Hi Xuyang,
thanks for the good questions.
1. What happens if the TTLs for these different StateHints are not the
same?
The eval() fully determines available state and their TTL. Helper
methods such as onTimer() and finish() can references a subset of
declared state. It is not necessary that the helper methods declare all
state properties one more time. The name should be sufficient and we
should forbid setting additional properties.
2. I believe the named arguments introduced in FLIP-387[1] can also be
applied to this ProcessTableFunction, right?
Absolutely, the PTF actually needs named arguments. Esp for optional
fields such uid or on_time. For forward compatibility, I would even
suggest that PTFs only support named arguments. Not sure if we can
enforce that.
3. Will we expose the original RowKind in the eval method's row input?
Yes, it's likely that only advanced users will take use of that. In that
case users have to work with Row/RowData. It's likely that rather
build-in functions will make use of this. The default changelog mode for
both input and output is append.
4. Are we allowing users to define both styles simultaneously
Yes. Context is optional. And state access in helper methods
(finish/onTimer) as well. This reduces the overhead in case a PTF runs
in a container/other process.
I will update the FLIP to reflect these answers.
Thanks,
Timo
On 01.11.24 05:10, Xuyang wrote:
Hi, Timo.
Thank you for this great work! When I previously introduced the session
window TVF, I was contemplating
how to enable users to define a PTF in SQL. I'm glad to see this work
being discussed and that it has
improved the integration with the DataStream API.
After reading the entire flip, I have a few questions that I hope you
can address.
1. I noticed that in the example, the same field (e.g., CountState) can
declare a StateHint in the eval, onTimer,
and finish methods. What happens if the TTLs for these different
StateHints are not the same?
2. I believe the named arguments introduced in FLIP-387[1] can also be
applied to this ProcessTableFunction, right?
3. In our UDAFs, we expect users to provide accumulate and retract
methods to handle input data for +I/+U and -U/-D.
However, in the eval method of a ScalarFunction/UDTF, users do not have
visibility into the input's RowKind. In the new PTF,
will we expose the original RowKind in the eval method's row input,
allowing users to determine the row's RowKind themselves?

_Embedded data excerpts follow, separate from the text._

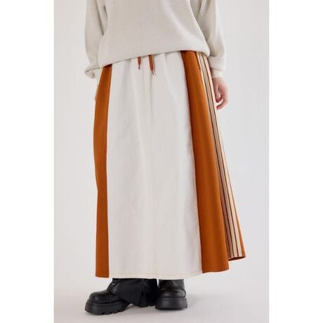 ■ポイント大人気なカスタムトラックDENIMに新型が登場。ジャージ×デニムの異素材バイカラースカート。歩くたびに揺れ動くフレアなデザインは、女性らしさを演出してくれます。ジャージ素材で程よく伸びる為、着心地抜群なスカートです。■ディテールデニム部分はUSED加工を施し、脇のジャージ素材とドッキングしたリメイクテイストの仕上がり。ウエストは周囲ゴムで楽ちんな仕様、脇にはニットテープのラインをあしらいました。後ろポケットにはピスネーム付きで、さりげないアクセントになっています。■スタイリング主役級のアイテムなので、シンプルなトップスやグラフィックアイテムとの合わせがおすすめです。■生地デニムは綿100% 10ozインディゴデニム使用。■透け感:なし■裏 地:なし■伸縮性:ややあり■光沢感:なし※お取り扱い上のご注意別布テープ部分に色移りする可能性があります。製品の特長上、避けることはできません。洗濯ネームやアテンションに記載されている取扱い方法に従って管理してください。[注意事項]※画像の商品はサンプルです。実際の商品と仕様、加工が若干異なる場合があります。※画像の商品は光の照射や角度、お使いのモニター環境により、実物と色味が異なる場合がございます。※着用、お取り扱いの際は、アテンションタグをご確認ください。
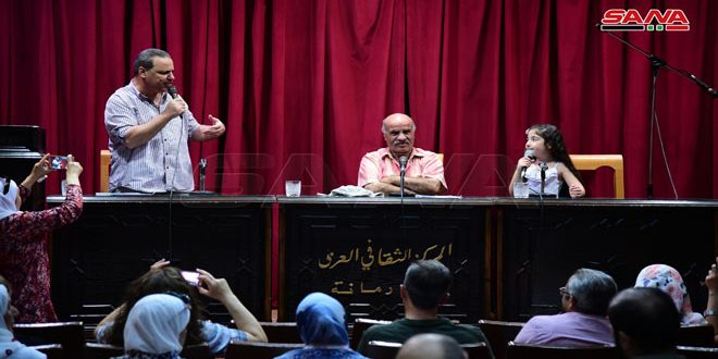 وقدم الشاعر عماد أبو راس عدداً من النصوص الموزونة التي تنوعت بين النزعة الذاتية الفلسفية والمواضيع الاجتماعية والوطنية معتبراً دمشق رمزاً للوطنية والإخلاص.
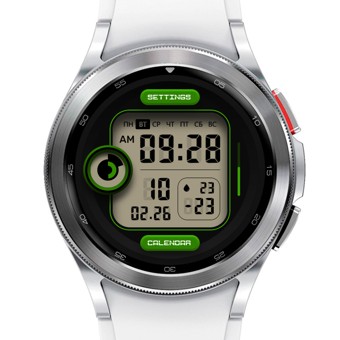 Циферблат имеет дизайн между популярным дизайном 80-х и современным цифровым спорт-минимализмом. Секунды и миллисекунды отображаются шкалами прогресса в отдельном манеже. Индикация часов в форматах 12 и 24 часа. Мигающее двоеточие. Дни недели на русском языке. Время суток (am/pm), число (крупная индикация), месяц, год. Температура воздуха и вероятность осадков в отдельном окошке. Шкала уровня заряда справа сочетается с выбранным цветом циферблата. Десять цветов, четыре тап-зоны (настройки, календарь, параметры пульса и будильник). Экран AOD (с поддержкой выбранного цвета).
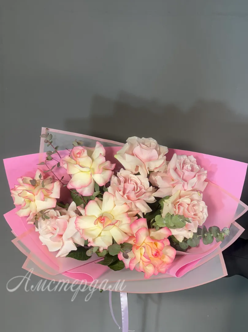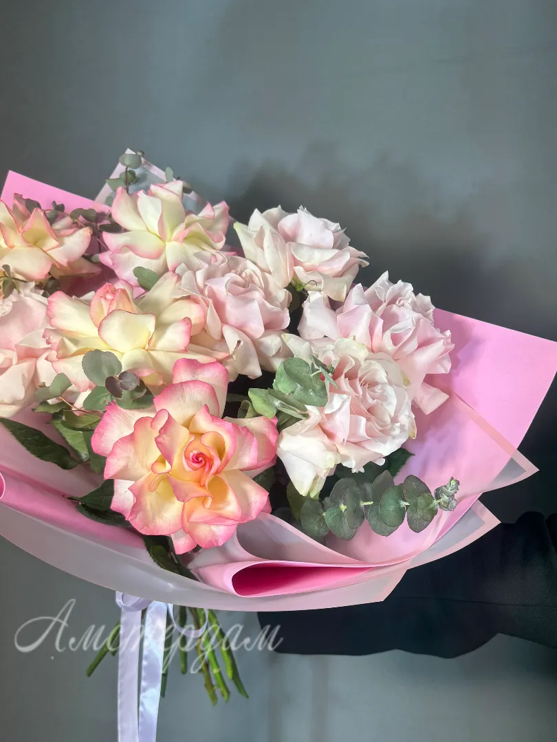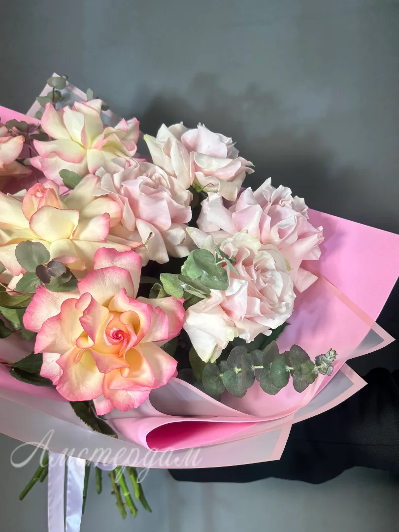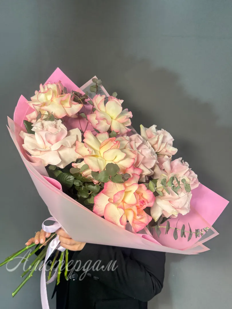 Этот изящный букет из 9 французских роз станет прекрасным подарком на любой повод. Каждая роза привлекает своим насыщенным цветом и изысканным ароматом, создавая атмосферу романтики и тепла. В композицию входит свежий эвкалипт, который добавляет нежную зелень и приятный аромат. Красочная упаковка подчеркивает элегантность цветочной композиции и делает подарок еще более привлекательным. Французская роза символизирует любовь, страсть и изысканность. Букет отлично подходит для выражения искренних чувств и благодарности. Он подготовлен с заботой и вниманием к деталям, чтобы подарить радость и улыбку получателю. Этот букет — гармоничное сочетание красоты и элегантности, которое оставит незабываемое впечатление.

4. I noticed that in the examples, the eval method sometimes includes
the Context, @StateHint fields, and the input data (Row
input), while other times it only consists of the input data. Are we
allowing users to define both styles simultaneously?
[1]
https://cwiki.apache.org/confluence/display/FLINK/FLIP-387%3A+Support+named+parameters+for+functions+and+call+procedures
--
Best!
Xuyang
At 2024-10-31 21:57:37, "Timo Walther" <twal...@apache.org> wrote:
Hi everyone,
thanks for all the feedback I received so far. I had very healthy
discussions with various people both online and offline at Current and
Flink Forward Berlin. The general user responses were also very
positive. The FLIP should be ready to start a VOTE thread.
This is the last call for feedback. I would start a VOTE tomorrow if
there are no objections. Happy to take further feedback during
implementation as well.
Thanks,
Timo
On 30.10.24 14:34, Timo Walther wrote:
Hi Jim,
3. Multiple output tables
> Does the target_table need to be specified in the SELECT clause?

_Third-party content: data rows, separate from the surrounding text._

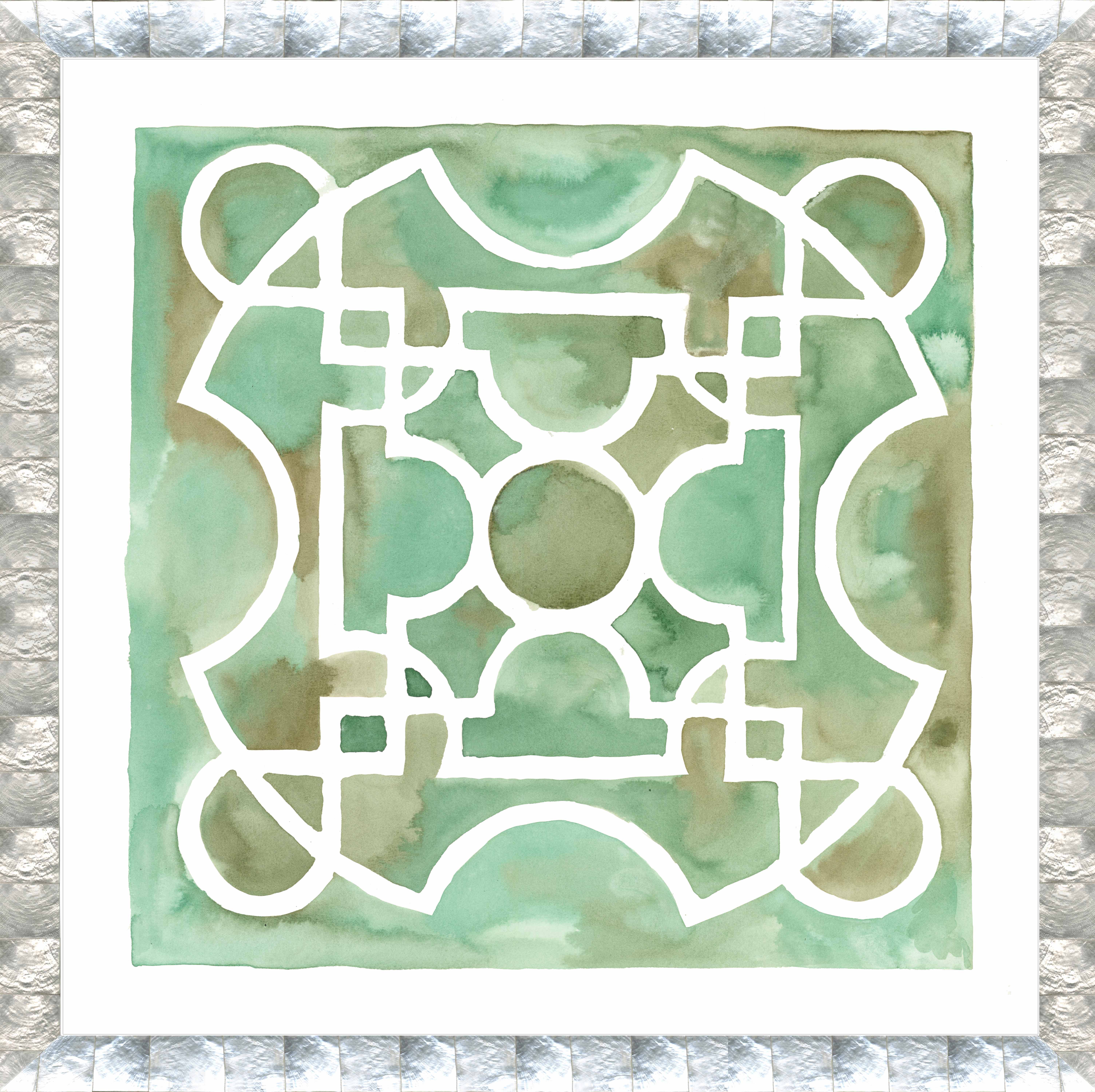 Contemporary print of a watercolor painting of a garden plot in green and white in a faux gray stone frame (Companion pieces: 061575, 061576, 061577)
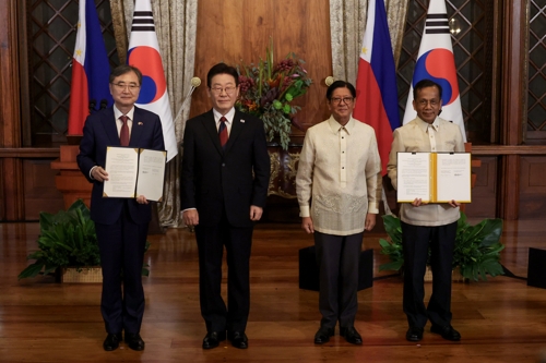 한-필리핀, AI·방산협력 확대 등 MOU·시행약정 10건 서명한국과 필리핀은 오늘(3일) 마닐라에서 열린 이재명 대통령과 페르디난드 로무알데스 마르코스 주니어 대통령의 정상회담을 계기로 인공지능(AI)·방위산업 등 핵심 전략 분야에 있어 협력을 강화하는 양해각서(MOU) 9건과 시행약정 개
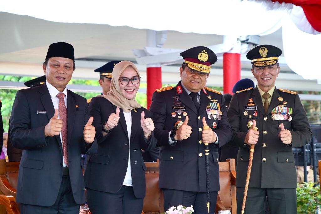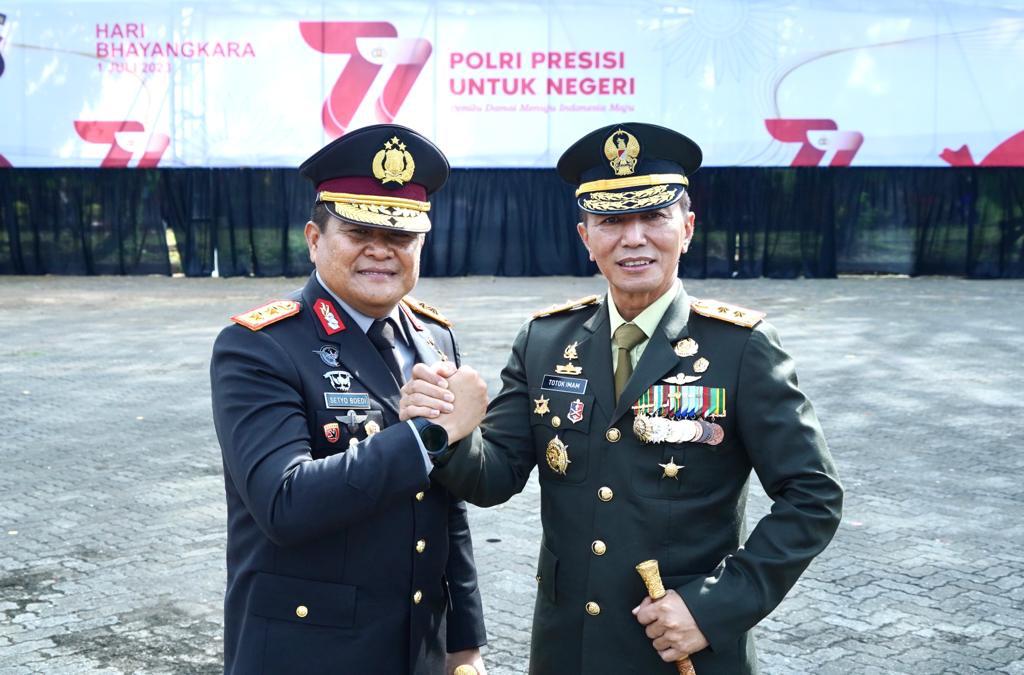 Mayjen Totok pada kesempatan ini menyampaikan ucapan, selamat atas bertambahnya usia Polri dan memberikan penghargaan atas kerja keras Polri dalam menegakkan hukum di negeri ini.
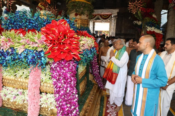 ఆంధ్రప్రదేశ్ రాష్ట్ర గవర్నర్ బిశ్వ భూషన్ హరి చందన్ గురువారం తిరుమల శ్రీవారిని దర్శించుకున్నారు. మధ్యాహ్నం శ్రీవారి దర్శనార్ధం తిరుమల చేరుకున్న ఆయన తొలుత పద్మావతి అతిధి గృహానికి విచ్చేశారు. అనంతరం గౌరవ గవర్నర్ హరి చందన్ మహాద్వారం ద్వారా ఆలయంలోకి వెళ్లి శ్రీవారిని దర్శించుకున్నారు. స్వామివారి దర్శనం అనంతరం రాష్ట్ర గవర్నర్ కు రంగ నాయక మండపం లో అర్చక స్వాములు స్వామివారి తీర్థ ప్రసాదాలను అందచేసి ఆశీర్వచనం అందించారు.

No. Similar to reading from a regular table. The filter column must not
be part of SELECT part.
> It seems like the two target_table could have separate schemas
defined.
That is true. The SELECT is responsible to transforms the columns into
the target table's schema. The output row of the PTF might be a union
of
various columns in this case.
10. Support for State TTL
> I'd be strongly in favor of doing any interface / base work we
need in
> the initial implementation so that state size can be managed.
I agree, State TTL is crucial. I updated the FLIP and added interfaces
to StateTypeStrategy and @StateHint.
Cheers,
Timo
On 23.10.24 17:59, Jim Hughes wrote:
Hi Timo,
Thank you for the answers. I have a few clarifications inlined.

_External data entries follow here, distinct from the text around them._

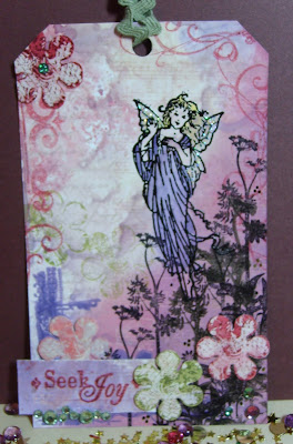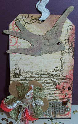 For this tag I used a chipboard shape, painted with scattered straw distress crackle paint and then inked with worn lipstick, aged mahogany and walnut stain, I stamped on it too with a stamp from Elusive Images Butterfly Poppy collage theme plate and I've also used some flowers from this set at the bottom. The other stamps are from Aspect of Designs (Gardening) and Hero Arts. I made the flower from some felt and gold angel paper, the idea for the fibres and beads came from a gorgeous flower made by Annette on her blog (Netty's Craftings) so I hope she doesn't mind me using it.
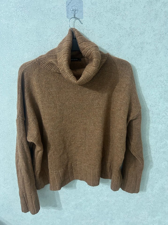 Kadınlar için kahverengi örgü yün kazak, bol kesim ve uzun kollu. Boğazlı ve normal midi boyda, günlük kullanım için uygundur.
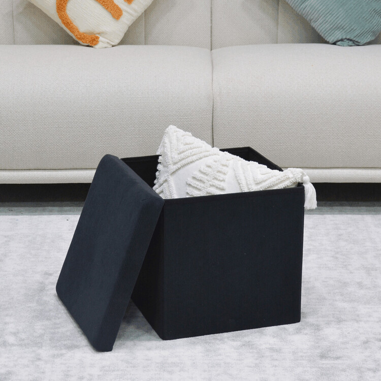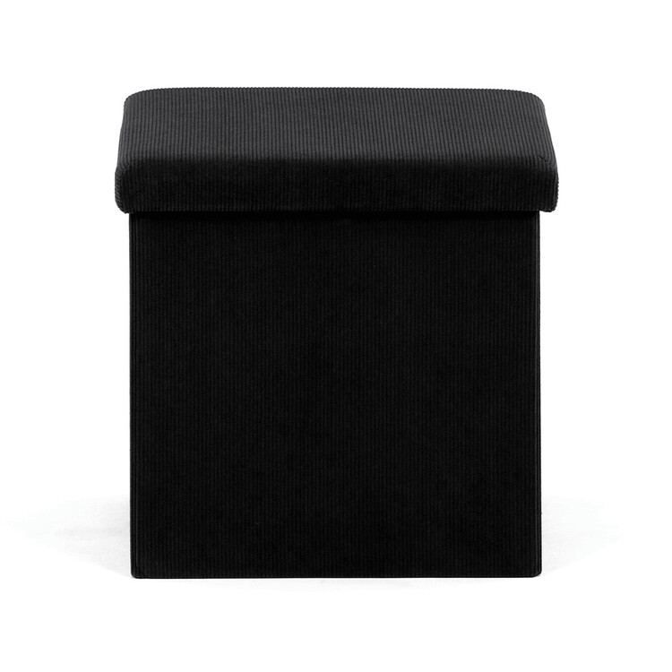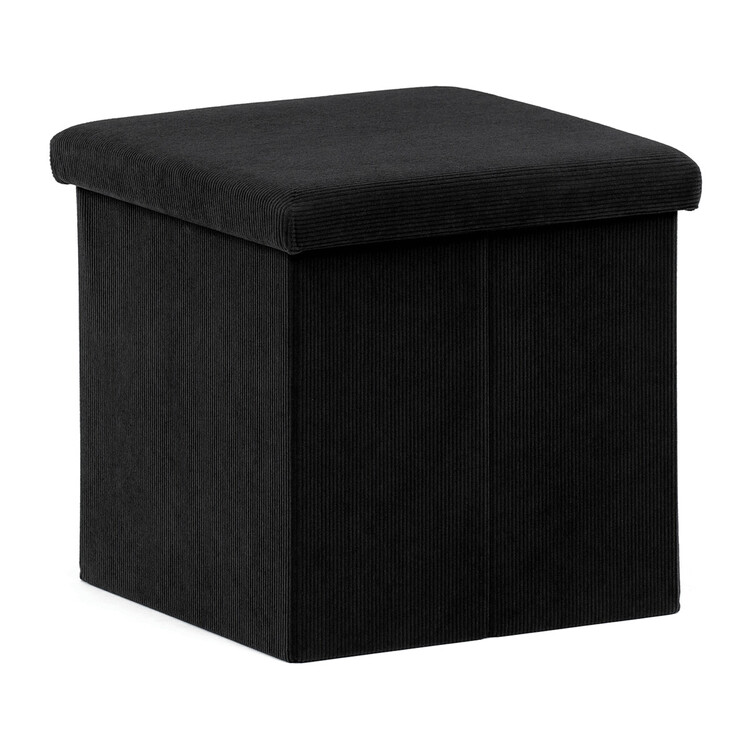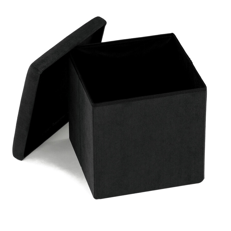 Čtvercový taburet značky Autronic v černé barvě je skvělou volbou pro ty, kdo hledají funkční a stylový doplněk do moderního interiéru. Potah z manšestrové látky dodává nábytku jemný, elegantní vzhled a zároveň působí útulně. Praktický úložný prostor uvnitř umožňuje snadné schování drobností, které chcete mít po ruce, ale ne na očích. Taburet je skládací, což oceníte zejména při úspoře místa. Díky vysoké nosnosti zvládne i každodenní používání jako sedací prvek.

On Mon, Oct 14, 2024 at 8:07 AM Timo Walther <twal...@apache.org>
wrote:
3. Change of interfaces for multiple output tables
Currently, I think using a STATEMENT SET should be enough for side
output semantics. I have added an example in section 5.2.3.2 for
that.
We are still free to add more methods to Context, let the function
implement additional interfaces or use more code generation together
with @ArgumentHints.
Does the target_table need to be specified in the SELECT clause? Or
could
it read
EXECUTE STATEMENT SET BEGIN
INSERT INTO main SELECT a, b FROM FunctionWithSideOutput(input =>
data,
uid = 'only_once') WHERE target_table = 'main';
INSERT INTO side SELECT a, b FROM FunctionWithSideOutput(input =>
data,
uid = 'only_once') WHERE target_table = 'side';
END;
Separately, for clarity, it seems like the two target_table could have
separate schemas defined.
10. Support for State TTL
Supporting state TTL will be easy. We just need to add a parameter to
@StateHint and pass it through.
If PTFs can have state, I'd be strongly in favor of doing any
interface /
base work we need in the initial implementation so that state size
can be
managed. If it is just sufficient to have hints in the interface,
awesome!
Cheers,
Jim